• **EXERCISE**: When writing out the entries below, keep only the lines from the line with "Maíz, arroz, gluten" to the line with "Makita 18/20V draagbare", both included, exactly as they are, and leave the pictures aside.
*****
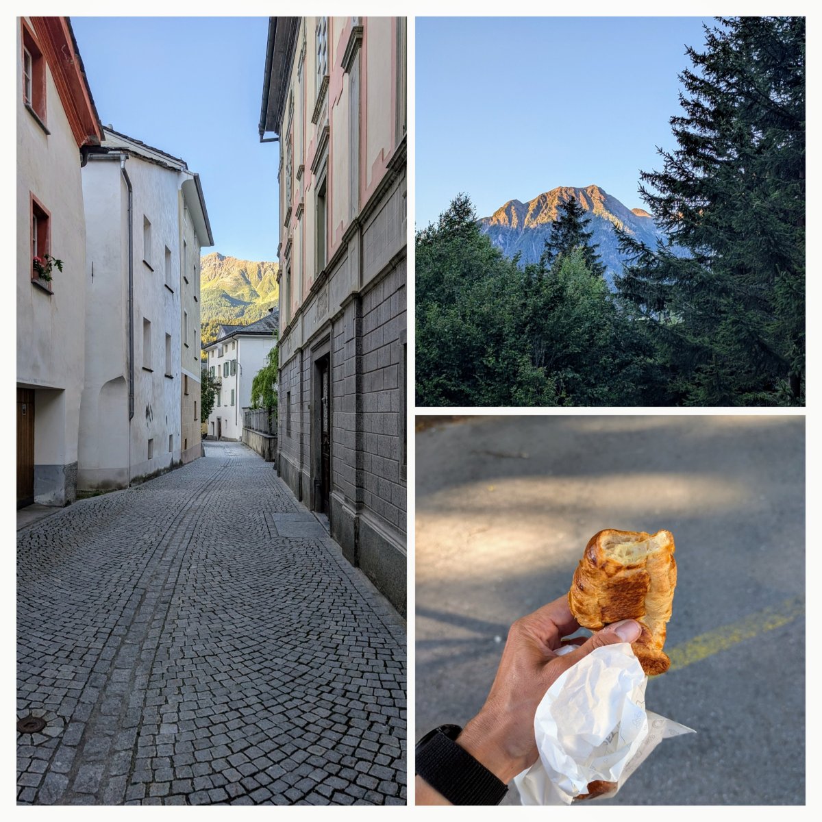 Etwas mehr als eine Stunde später bin ich bei wunderbarem Wetter unterwegs nach Poschiavo hinab. Bergab telefoniere ich und gönne mir unten spontan wieder einmal ein knuspriges “Gipfeli”.
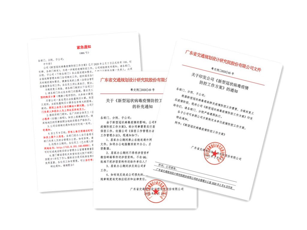 疫情當(dāng)前,公司積極響應(yīng)黨中央和各級(jí)政府號(hào)召,始終堅(jiān)持疫情防控與生產(chǎn)經(jīng)營(yíng)兩不誤,每一位廣東交通院人將始終以飽滿的精神狀態(tài)、正確的防疫意識(shí)、始終如一的專業(yè)素養(yǎng)和奉獻(xiàn)精神,全力戰(zhàn)“疫”,持續(xù)為顧客提供優(yōu)質(zhì)高效服務(wù)。
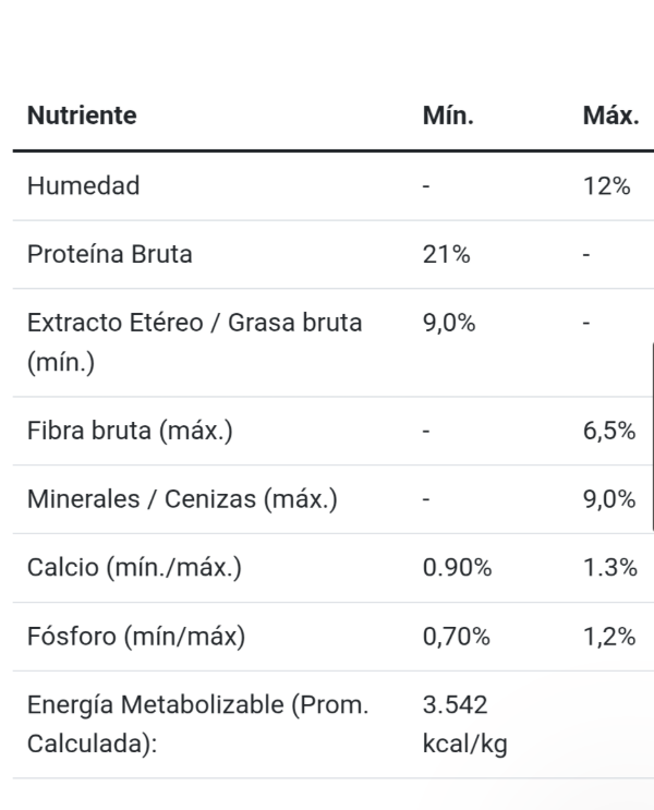 Maíz, arroz, gluten de maíz, harina de subproductos de pollo, fibra de soja y/o fibra de caña de azúcar, grasa vacuna y/o aceite de pollo preservados con tocoferoles (fuente de vitamina E), hidrolizado (líquido y/o en polvo) a base de subproductos de pollo y/o cerdo, sal, carbonato de calcio y/o fosfato de calcio, ácido fosfórico y/o bisulfato de sodio, cloruro de potasio y/o citrato de potasio, suplemento vitamínico antioxidante (A, D3, E, K3, B1, B2, B3, B5, B6, B7, B9, B12, BHT), sorbato de potasio, suplementos minerales [(sulfatos: zinc, hierro, manganeso, cobre), (proteinatos y/o glicinatos: zinc, hierro, manganeso, cobre, selenio), yodato de calcio, selenito de sodio], cloruro de colina, DL-metionina, L-lisina.
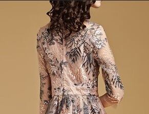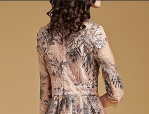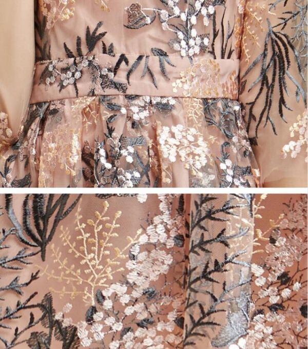 ラベンダー色ボタニカル刺繍の上質ワンピースです。やさしいラベンダーのチュール地にカラフルなボタニカル刺繍をほどこした可愛らしいデザインで後ろの丈が少し長いです。透け感がキュートなセクシー感を演出。優しい感じのワンピ-スです。背中ファスナーあり。裏地あり。
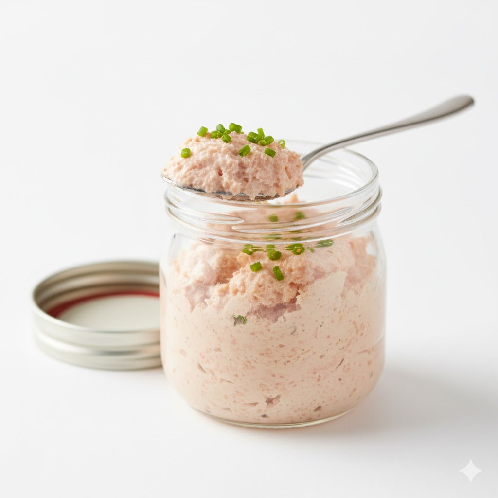 Rillettes artisanales préparées avec du cœur de filet de saumon fumé, citron vert, échalote, beurre et ciboulette. Parfait pour l'apéritif ou sur des toasts.
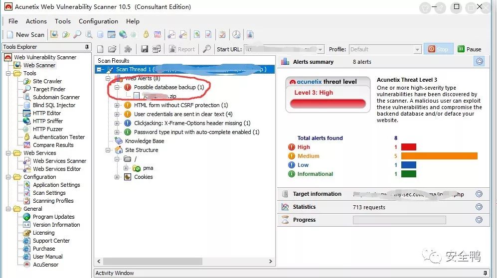 经过信息收集,可利用的信息还是有限,脚本小子决定使用AWVS进行全站扫描,没想到结果还很令人满意:
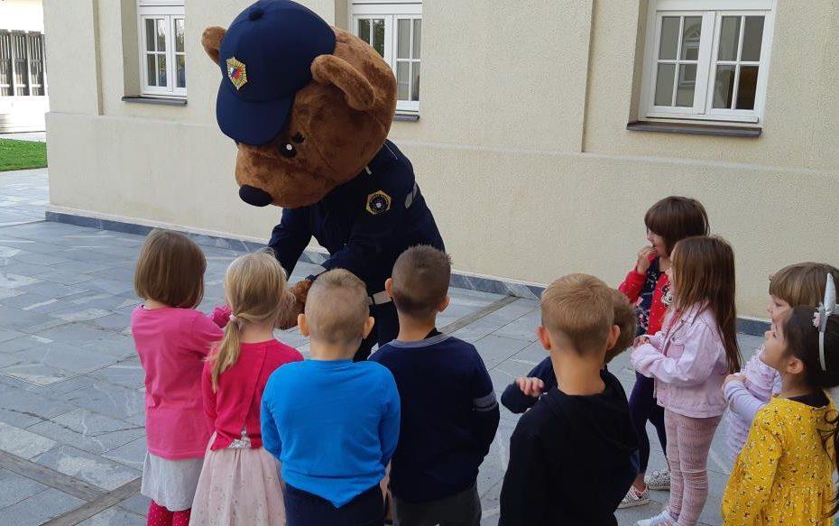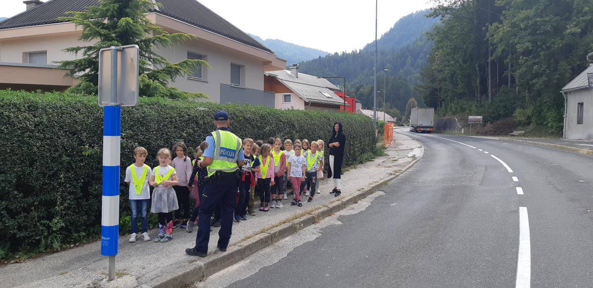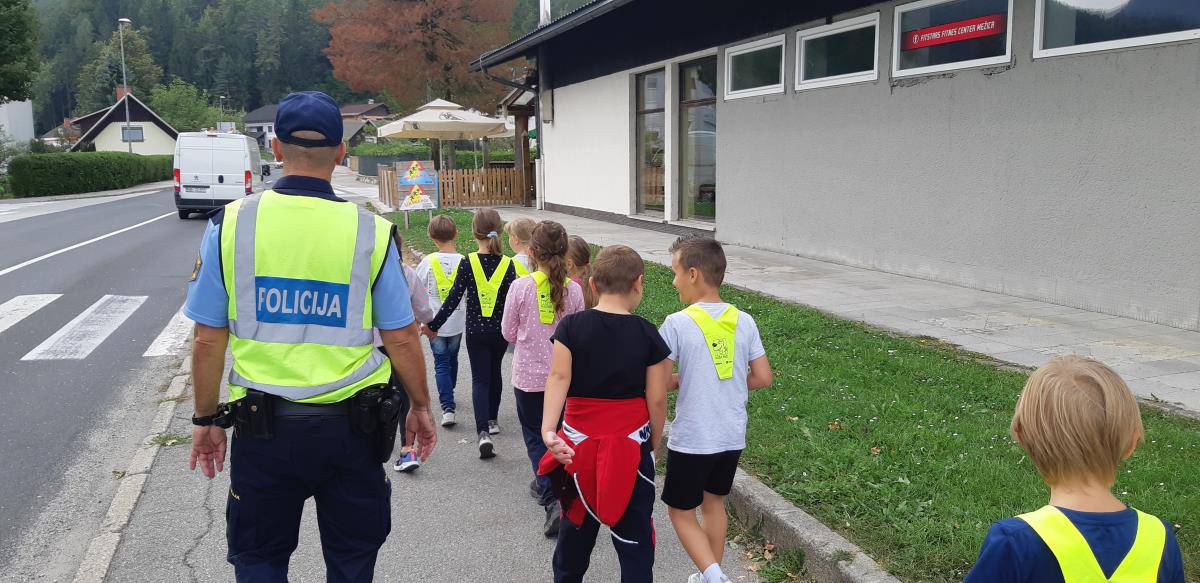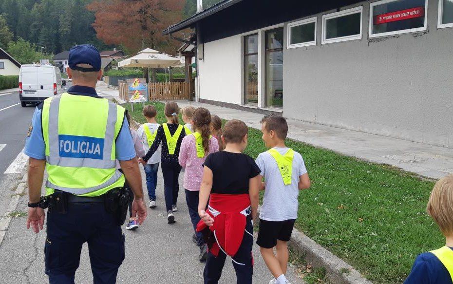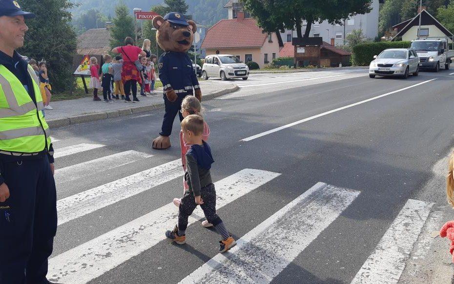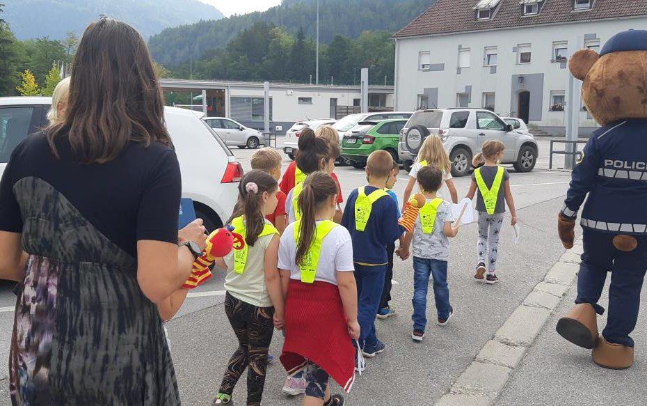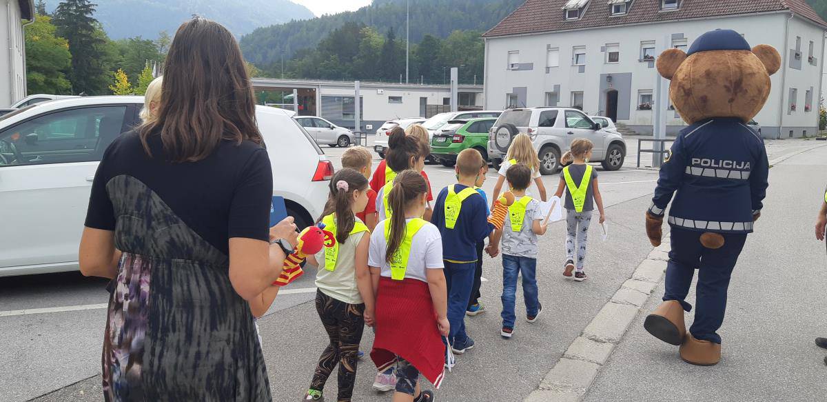 Sprehod je bil poučne narave, saj sta policist in policijska medvedka Pika otrokom ponazorila pravilno in predvsem varno gibanje po poteh ter prečkanje cest po Mežici.
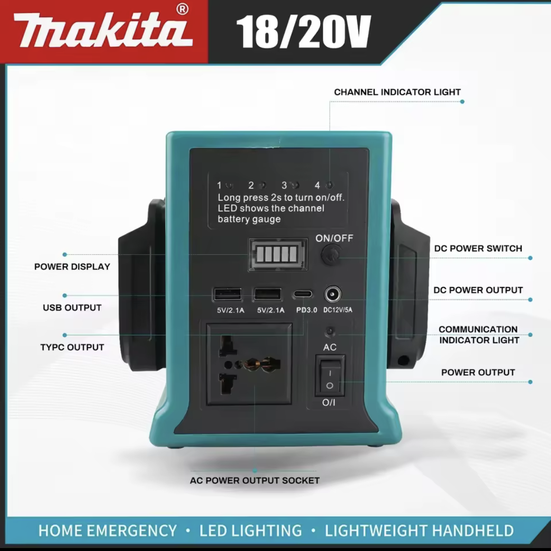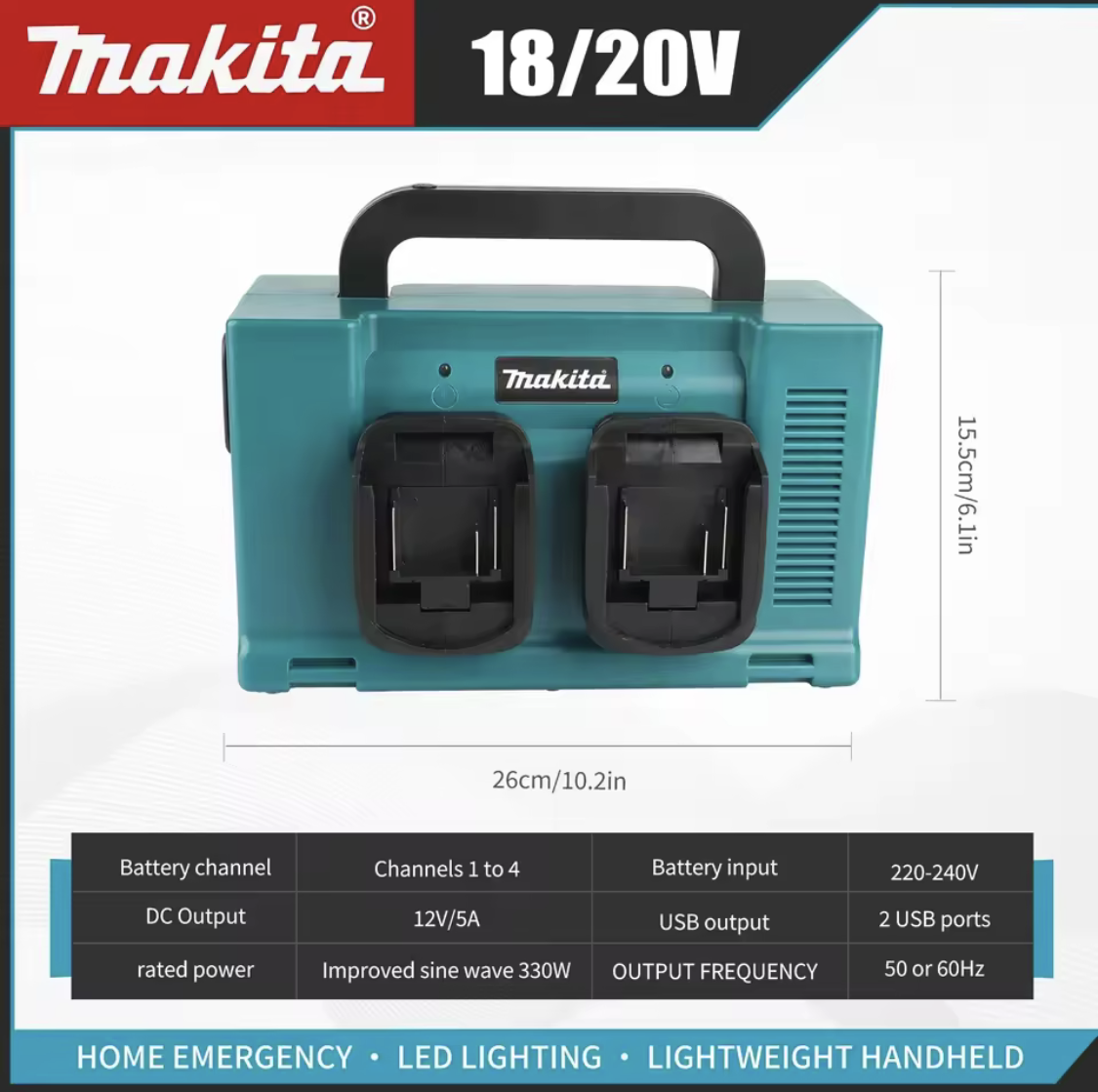 Makita 18/20V draagbare krachtcentrale: dubbele batterijsleuven, LED-verlichting, AC/DC/USB-uitgangen, lichtgewicht handheld voor noodgevallen thuis
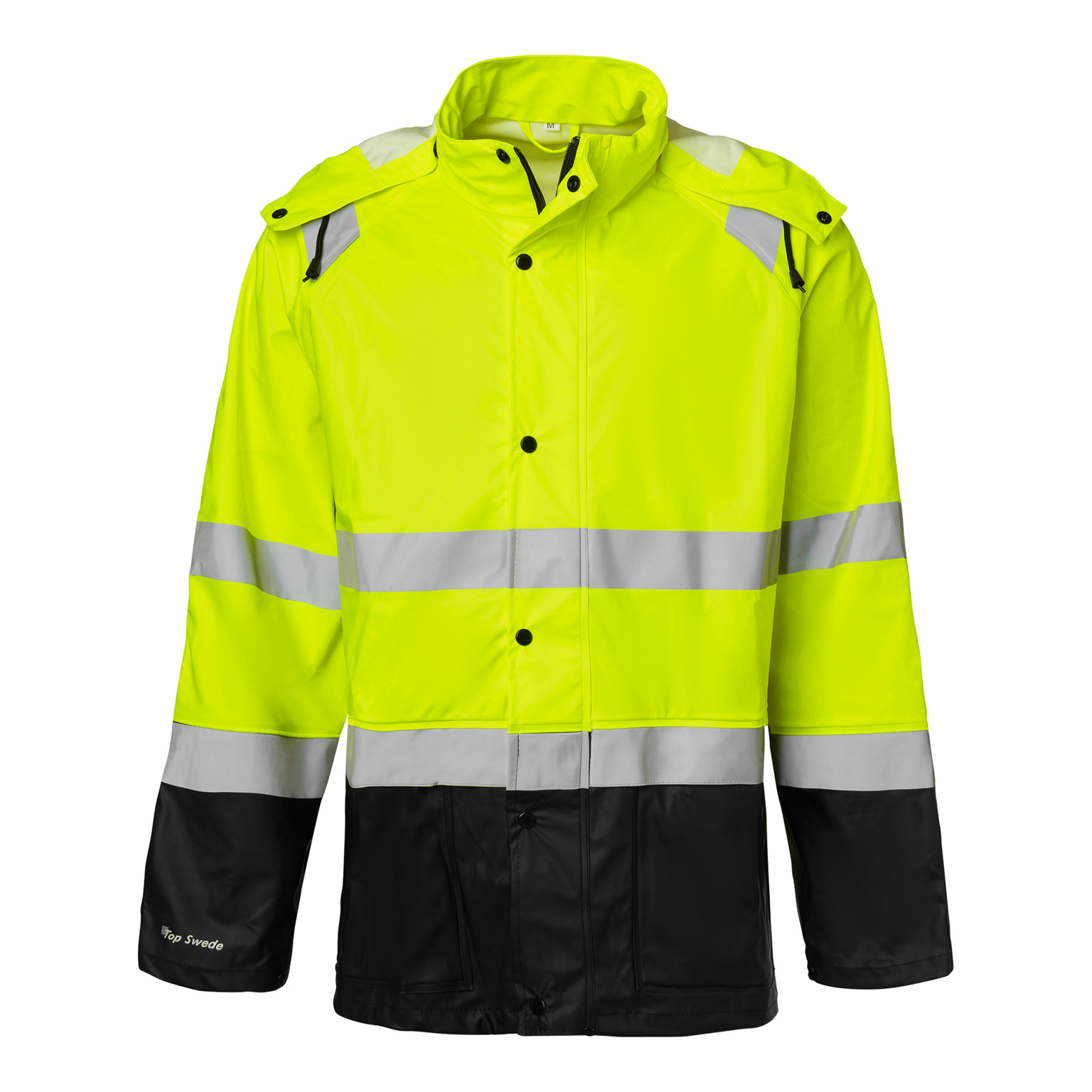Regnjacka varsel i stretchmaterial med svetsade sömmar. Dragkedja med slå och tryckknappar. Dold ID-kortsficka. Avtagbar huva med snodd. Två framfickor med lock. Innerficka. Telefonficka. Dragsko i nederkant och reglerbart ärmslut. Längd 80 cm. EN ISO 20471 klass 3, EN 343 klass 3/1
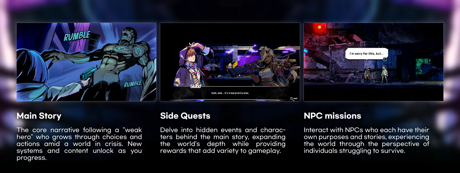 Main Story: The core narrative of growth through choices and actions amid a world in crisis. New systems and content unlock as you progress.
*****
• **OUTPUT FOR THIS TASK**:
 Maíz, arroz, gluten de maíz, harina de subproductos de pollo, fibra de soja y/o fibra de caña de azúcar, grasa vacuna y/o aceite de pollo preservados con tocoferoles (fuente de vitamina E), hidrolizado (líquido y/o en polvo) a base de subproductos de pollo y/o cerdo, sal, carbonato de calcio y/o fosfato de calcio, ácido fosfórico y/o bisulfato de sodio, cloruro de potasio y/o citrato de potasio, suplemento vitamínico antioxidante (A, D3, E, K3, B1, B2, B3, B5, B6, B7, B9, B12, BHT), sorbato de potasio, suplementos minerales [(sulfatos: zinc, hierro, manganeso, cobre), (proteinatos y/o glicinatos: zinc, hierro, manganeso, cobre, selenio), yodato de calcio, selenito de sodio], cloruro de colina, DL-metionina, L-lisina.
 ラベンダー色ボタニカル刺繍の上質ワンピースです。やさしいラベンダーのチュール地にカラフルなボタニカル刺繍をほどこした可愛らしいデザインで後ろの丈が少し長いです。透け感がキュートなセクシー感を演出。優しい感じのワンピ-スです。背中ファスナーあり。裏地あり。
 Rillettes artisanales préparées avec du cœur de filet de saumon fumé, citron vert, échalote, beurre et ciboulette. Parfait pour l'apéritif ou sur des toasts.
 经过信息收集,可利用的信息还是有限,脚本小子决定使用AWVS进行全站扫描,没想到结果还很令人满意:
 Sprehod je bil poučne narave, saj sta policist in policijska medvedka Pika otrokom ponazorila pravilno in predvsem varno gibanje po poteh ter prečkanje cest po Mežici.
 Makita 18/20V draagbare krachtcentrale: dubbele batterijsleuven, LED-verlichting, AC/DC/USB-uitgangen, lichtgewicht handheld voor noodgevallen thuis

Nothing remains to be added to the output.